Under the Fostering National Minimum Standards and the older Children’s Homes: National Minimum Standards (12.1), whilst working towards promoting good outcomes (including promoting useful independent living skills) for children and young people foster carers and residential care workers together with the placing authority as well as fostering services/residential children’s homes also need to ensure the care provided includes supporting children and young people to:
- establish positive and appropriate social and sexual relationships;
- develop positive self-esteem and emotional resilience;
- prepare for the world of work and or further or higher education;
- prepare for moving into their own accommodation;
- develop practical skills, including shopping, buying, cooking and keeping food, washing clothes, personal self-care, and understanding and taking responsibility for personal healthcare;
- develop financial capability, knowledge and skills;
- know about entitlements to financial and other support after leaving care, including benefits and support from social care services
Residential children’s homes also need to ensure they:
The home contributes to the development of each child’s care plan, including the pathway plan for “eligible” care leavers and works collaboratively with the young person’s social worker or personal adviser in implementing the plan (NMS: 12.2).
The home liaises with the child’s responsible authority and their Independent Reviewing Officer where applicable, about the progress of the child’s readiness to move to any future accommodation where they would expect to take on greater responsibility and personal independence (NMS: 12.3).
Homes support the young person’s transition to adult services, when required by the care plan (NMS: 12.4).

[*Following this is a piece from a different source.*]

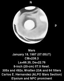 This drawing of Mars was made on January 18, 1997 at 07:05 UT (CM=238.8, Ls=66.35, De=22.76) by Carlos E. Hernandez (ALPO Mars Recorder) using an 8-inch (20-cm) f/7.5 Newtonian reflector at 305x and 492x as well as Wratten 23A (light red) and 64 (blue-green) filters. The North Polar Cap (NPC) is brilliant (10/10) , large in extent, and no detail is noted within it at this time. The NPC is surrounded by a dark (3/10) collar consisting of Scandia, Panchaia, and Utopia (preceding to following order). Casius is visible as a dark (3/10) wedge extending north over Aetheria from Utopia. The Propontis complex (Castorius Lacus and Propontis II; at times also including Euxinus Lacus and Propontis I to the south) is visible as a dark (3/10), elongated albedo feature preceding the central meridian (CM) south of the NPC collar. A dusky (4/10) "bar-like" albedo feature is noted over Cebrenia north of Elysium as it appears to connect to Morpheos Lacus. Elysium is prominent (8/10) on the CM enclosed by the Elysium complex, or pentagon, consisting of Trivium Charontis-Cerberus (3-4/10) to the southeast(or south-preceding (Sp.)), Phlegra-Styx (3-4/10) to the east (or preceding (p.)), Hecates Lacus-Chaos-Morpheos Lacus (p. to f., 3-4/10)) to the north, the Hyblaeus extension (3/10) to the northwest (or north-following (Nf.)), and Eunostos I to the southwest (or south-following (Sf.)). A very bright (8-/10) orographic (or mountain-associated) cloud is noted over Arcadia apparently connected to a extremely bright (9/10) evening limb haze (ELH), or terminator. Mare Cimmerium appears as a dark (3/10), elongated wedge towards the southern limb p. the CM apparently separated from a dark (3/10) Mare Tyrrhenum, f. the CM, by a bright (7/10) Hesperia. Syrtis Major appears as a dark (3/10) "bar-like" albedo feature within an extremely bright (9/10) morning limb haze (MLH), or following (f.) limb. The southern limb appears to be covered by an extremely bright (9/10) haze.

Under the most recent children’s homes regulation and quality standards (2015:2.8), ‘where the placing authority or another relevant person does not provide the input and services needed to meet a child’s needs during their time in the home or in preparation for leaving the home, the home must challenge them to meet the child’s needs (see regulations 5(c)). Staff should act as champions for their children, expecting nothing less than a good parent would. The registered person should consider the use of an independent advocate (see paragraph 4.16) if the child’s needs are not being met’.